9. Counterparts. This Agreement may be executed in one or more counterparts, each of which shall be deemed an original, but all of which together shall constitute one and the same instrument.
 
10 Headings. The table of contents and the headings of the sections and subsections of this Agreement are inserted for convenience only and shall not constitute a part hereof.
 
11 Entire Agreement. This Agreement, the Escrow Agreement and any other writings referred to in this Agreement together they embody the entire agreement and understanding of the parties hereto in respect of the transactions contemplated by this Agreement. This Agreement supersedes all prior agreements and understandings between the parties with respect to the transaction or transactions contemplated by this Agreement.
 
12 Severability.
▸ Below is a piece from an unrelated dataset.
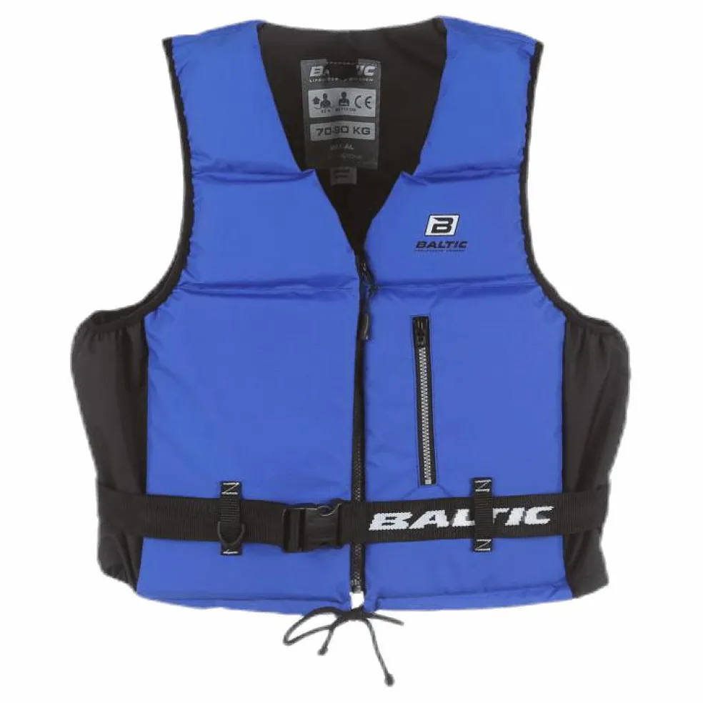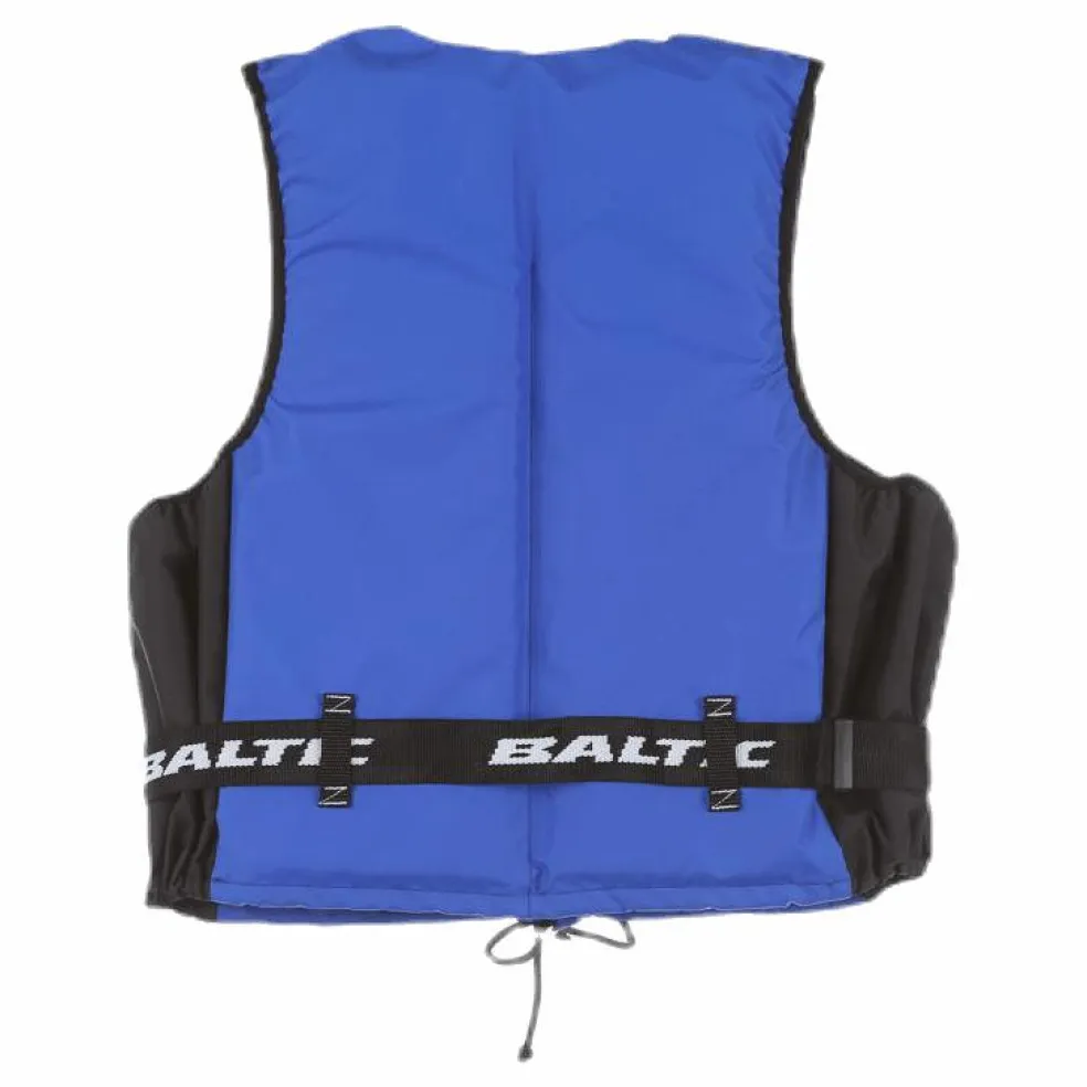 Flera delningar i flytmaterialet för bra passform. Dragkejdeficka, midjeband och knytsnören som håller västen på plats.

The provisions of this Agreement will be deemed severable and the invalidity or unenforceability of any provision will not affect the validity or enforceability of the other provisions hereof; provided that if any provision of this Agreement, as applied to any party hereto or to any circumstance, is adjudged by an governmental authority, arbitrator, or mediator not to be enforceable in accordance with its terms, the parties hereto agree that the governmental authority, arbitrator, or mediator making such determination will have the power to modify the provision in a manner consistent with its objectives such that it is enforceable, and/or to delete specific words or phrases, and in its reduced form, such provision will then be enforceable and will be enforced.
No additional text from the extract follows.